By all accounts, the system was doomed before it was even released. Design mastermind Gunpei Yokoi was not happy with it, as for regulatory and safety reasons the original lightweight head-tracking design had shifted to a heavy, table-mounted console you had to peer into. Nintendo’s decision to release it at all seems to have been a shot in the dark, since it wanted to cease development and move all focus to the Nintendo 64.
The red-and-black screen of the Virtual Boy isn’t actually a weakness, I would argue. For 1995, the fast-flickering LED array provided a vector-like contrast where the backgrounds were truly black, which paired with the 32-bit processor provided some impressive sights and sounds, like a supercharged original Game Boy. Were it in a more comfortable form factor, and supported by many more games, it might have been a hit.

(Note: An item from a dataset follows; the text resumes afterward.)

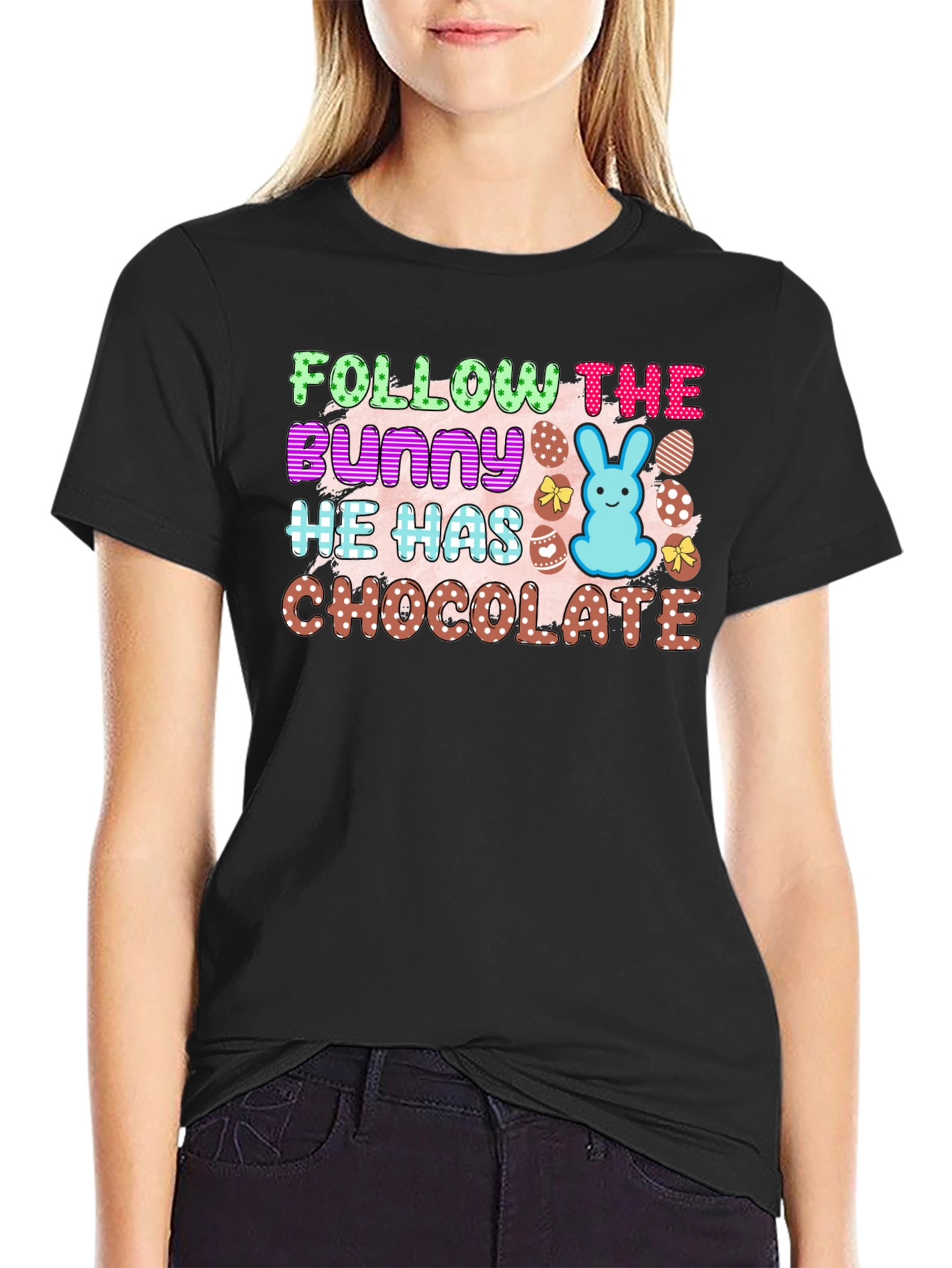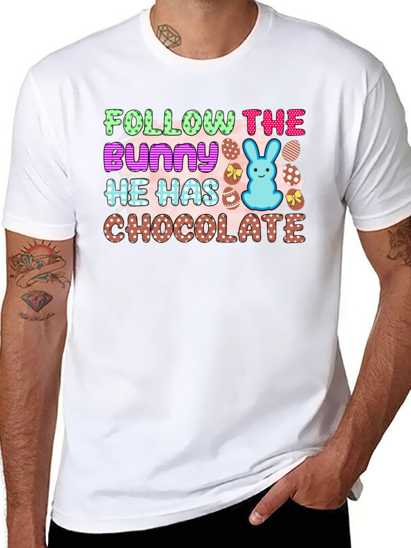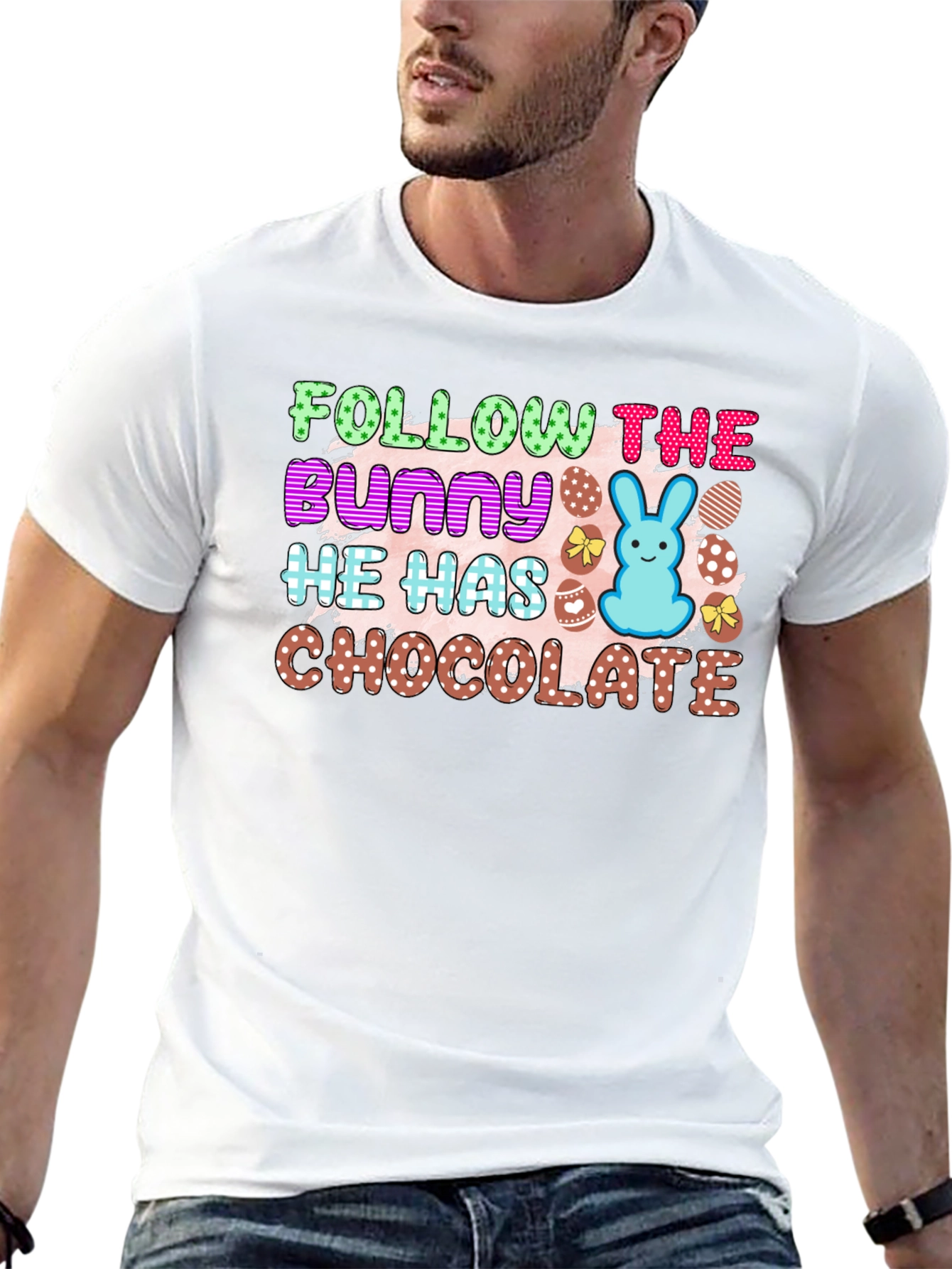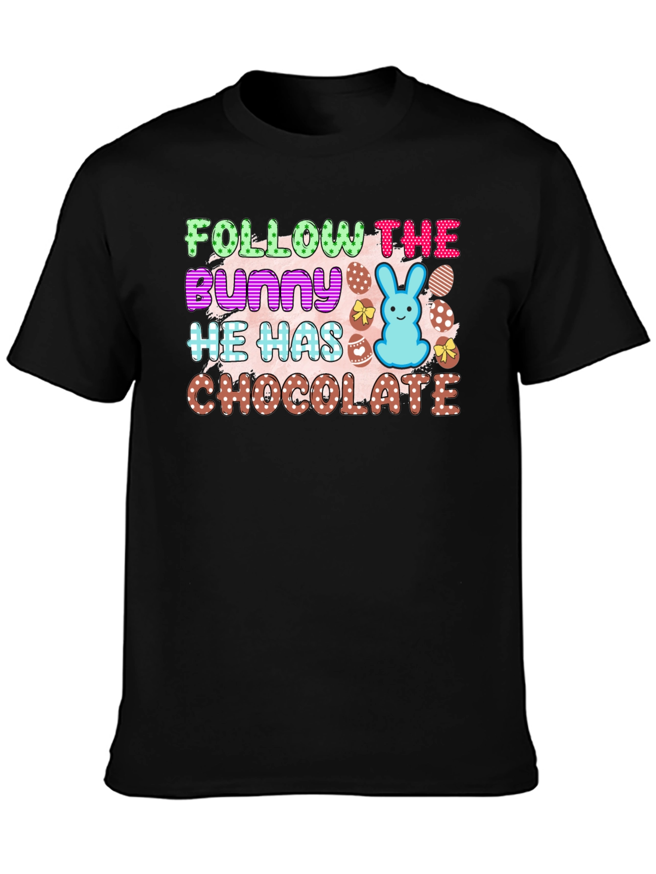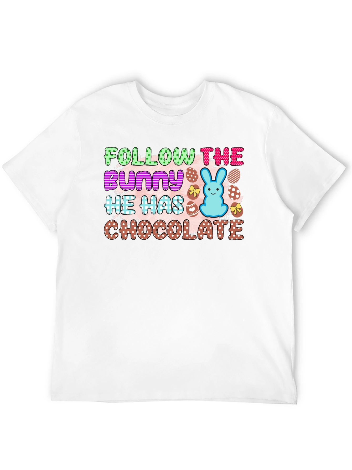 Celebrate Easter in style with this fun and festive t-shirt! Featuring a vibrant design with the playful text "Follow The Bunny He Has Chocolate," this shirt is perfect for Easter egg hunts and springtime gatherings. The design incorporates colorful polka-dotted lettering, a cute blue bunny, and decorated eggs, adding a cheerful touch. Crafted from a comfortable, breathable fabric, this t-shirt ensures all-day comfort. Show off your love for Easter with this unique and eye-catching tee. It’s the perfect attire for celebrating the holiday with family and friends!

But of course that never happened. It gave people headaches. The controller, which you can tell was an attempt to enable simultaneous movement across multiple axes, didn’t really make sense for the available games. It wasn’t at all portable, and yet wasn’t comparable in quality to a home console. The stereoscopic graphics worked very well, but you couldn’t really appreciate that unless you had one.
Ultimately, the strengths of the Virtual Boy are all hypothetical. I’ve played the new $130 replica of the device, and I bought the $30 cardboard version, and it’s a fun way to shine a light on what could have been. The graphics look great, though not as high contrast as they really should if you’re using an LCD Switch, and games like Wario Land show how creative teams could make excellent experiences you played 20 minutes at a time, which were unlike anything you could get on handhelds or consoles at the time.
But the accuracy of the new versions extend to the fact that there are barely any games to play on it, and that it’s essentially impossible to find a comfortable way to enjoy it. It’s disappointing that there’s no official controller to go with it. The new device is a fun history lesson, but still not a great experience.








I think the ideal Virtual Boy experience *could* be attained with 3DS ports... But that, also, is an hypothetical theory, of course.